Kubernetes knows when a container has started, but it does not know when the container is ready to accept traffic. In the case of containers such as web servers, there may be a delay between the container starting and the web server being ready to accept traffic.
Use readiness probes as a test to determine if your container is ready to accept traffic. The eval will not begin until all readiness probes have passed.
services:
nginx:
image: nginx:1.27.2
readinessProbe:
httpGet:
path: /
port: 80
initialDelaySeconds: 5
periodSeconds: 5
You do not need to specify a readinessProbe on containers which have a trivial
entrypoint (e.g. sleep infinity or tail -f /dev/null).
Resource requests and limits¶
Default resource limits are assigned for each service within the Helm chart.
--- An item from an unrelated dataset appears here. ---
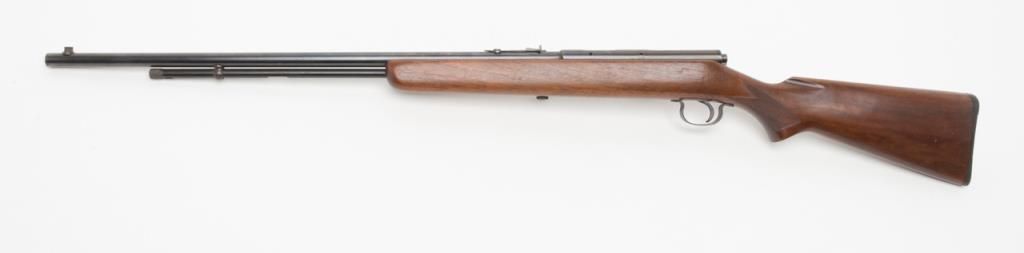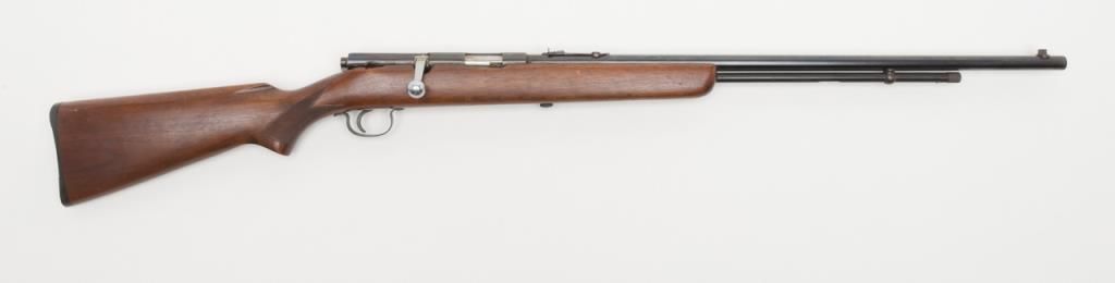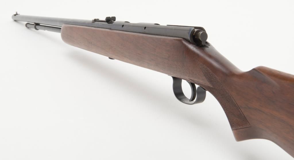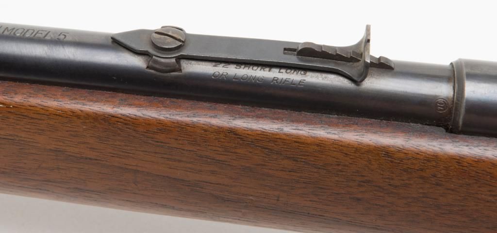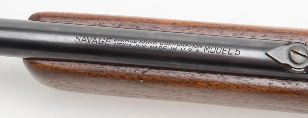 Savage Model 5 bolt action rifle, .22 Short, Long or Long Rifle caliber, Serial #NSNV. The rifle is in overall fine condition with a 24” blued barrel. The rifle retains the majority of its blued finish, with a crisp action and sharpmarkings. The bore is very good and may clean. The checkered wood stocks are in very good condition as well with small marks consistent with storage. The action is drilled and tapped for a side mount scope. (C+R/PPT). Est. $200-$400.

The
limits and requests are equal such that the Pods have a Guaranteed QoS
class.
resources:
limits:
memory: "2Gi"
cpu: "500m"
requests:
memory: "2Gi"
cpu: "500m"
These can optionally be overridden for each service.
services:
default:
image: ubuntu:24.04
command: ["tail", "-f", "/dev/null"]
resources:
limits:
memory: "1Gi"
cpu: "250m"
requests:
memory: "1Gi"
cpu: "250m"
If overriding them, do consider the implications on the QoS class of the Pods and cluster utilization.
Volumes¶
The built-in Helm chart aims to provide a simple way to define and mount volumes in your containers, much like you can in Docker Compose. The following example creates an empty volume which is mounted in both containers.
services:
default:
image: ubuntu:24.04
command: ["tail", "-f", "/dev/null"]
volumes:
- "my-volume:/my-volume-mount-path"
worker:
image: ubuntu:24.04
command: ["tail", "-f", "/dev/null"]
volumes:
- "my-volume:/my-volume-mount-path"
volumes:
my-volume:
Note that this does not allow you to mount directories from the client system (your machine) into the containers.
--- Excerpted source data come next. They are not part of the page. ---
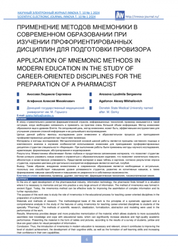 В эпоху стремительного развития фармацевтической отрасли, информационных технологий, провизор оказывается в такой ситуации, когда необходимо запоминать и применять на практике очень большой объем информации. Метод мнемоники образовался еще в древнем Египте. На сегодняшний день, метод мнемоники, может быть, эффективными инструментами для улучшения усвоения сложной информации и ее дальнейшего воспроизведения. Целью данной работы явилось исследование роли мнемоники в образовательном процессе для преподавания профориентированных дисциплин при подготовке провизора. Материалы и методы исследования. Методологической основой данной работы являются принципы системного подхода и комплексного анализа в изучении особенностей использования мнемоники для преподавания профориентированных дисциплин студентам специальности «Фармация». При выполнении работы были применены методы научного исследования, идеализации, формализации, абстрагирования и моделирования. Результаты. Мнемотехника обеспечивает более глубокое и продуктивное запоминание материала, что позволяет студентам более успешно усваивать новые знания и справляться с образовательными задачами, что позволяет значительно повысить абсолютную и качественную успеваемость. Представляя материал в виде таблиц и картинок, согласно результатам опроса студентов, хорошими цветами для зрительного восприятия информации являются желтый, голубой. Вывод. Таким образом, внедрение мнемотехники в современное образование является необходимым и актуальным, поскольку она способствует повышению уровня успеваемости студентов, развитию их когнитивных навыков, а также формированию навыков самообучения и повышению их уверенности в собственных возможностях.
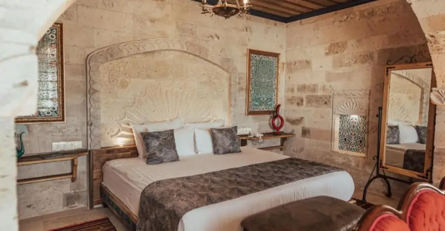 괴레메호텔 사 사라이 케이브 스위트 (SAH SARAY CAVE SUITES)는 동굴 내부를 현대적인 편의 시설과 결합하여 독특하고 아늑한 숙소를 제공합니다. 각각의 스위트룸은 개별적으로 디자인되어 있으며, 터키의 전통적인 인테리어 요소와 현대적인 편의 시설이 조화롭게 어우러져 있습니다.
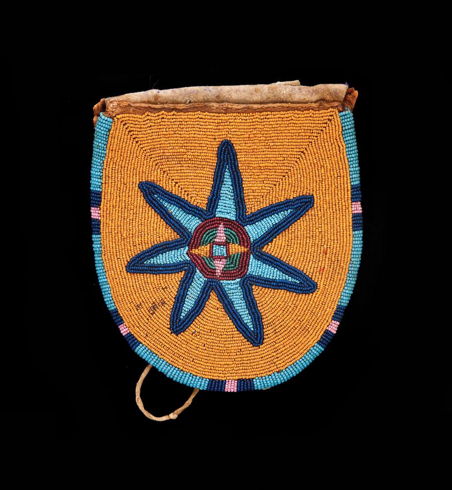 7 1/2” x 6 1/2” flap, beaded pouch with central red, yellow, green morning star inside large blue-on-blue star. Pumpkin colored background with signature beads on commercial tanned leather, c. 1880s.
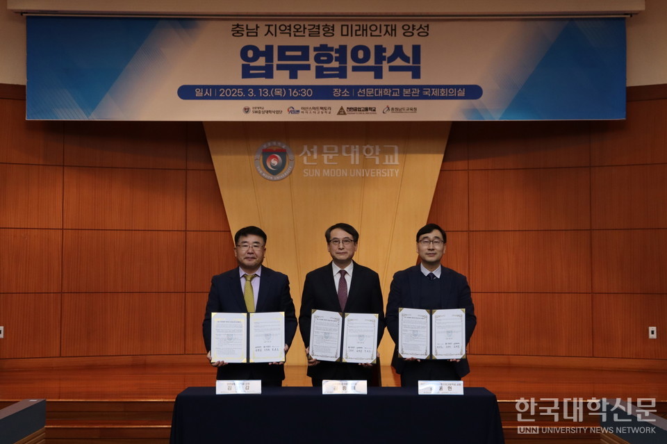 [한국대학신문 이정환 기자] 선문대학교(총장 문성제)는 13일 선문대 국제회의실에서 충남 지역의 인공지능(AI) 및 소프트웨어(SW) 미래 인재 양성을 위한 업무협약을 체결했다고 밝혔다.
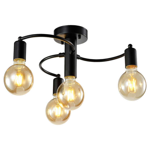 Сары шыныдан жасалған жартылай беткі төбе шамы, қара E27

This requires that your cluster has a Storage Class named nfs-csi which supports the
ReadWriteMany access mode for PersistentVolumeClaim. See Remote
Cluster.
You can override the spec of the PersistentVolumeClaim to suit your needs.
volumes:
my-volume:
spec:
storageClassName: azurefile
accessModes:
- ReadWriteOnce
resources:
requests:
storage: 1Gi
Networks¶
By default, all Pods in a Kubernetes cluster can communicate with each other. Network policies are used to restrict this communication. The built-in Helm chart restricts Pods to only communicate with other Pods in the same Helm release.
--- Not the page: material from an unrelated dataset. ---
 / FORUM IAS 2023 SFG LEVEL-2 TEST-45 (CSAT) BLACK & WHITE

Additional restrictions can be put in place, for example, to simulate networks within your eval.
services:
default:
image: ubuntu:24.04
command: ["tail", "-f", "/dev/null"]
networks:
- a
intermediate:
image: ubuntu:24.04
command: ["tail", "-f", "/dev/null"]
dnsRecord: true
networks:
- a
- b
target:
image: ubuntu:24.04
command: ["tail", "-f", "/dev/null"]
dnsRecord: true
networks:
- b
networks:
a:
b:
In the example above, the default service can communicate with the intermediate
service, but not the target service. The intermediate service can communicate with
the target service.
When no networks are specified all Pods within a Helm release can communicate with each other. If any networks are specified, any Pod which does not specify a network will not be able to communicate with any other Pod.
Ports¶
By default all ports are open between services (provided they are on the same network)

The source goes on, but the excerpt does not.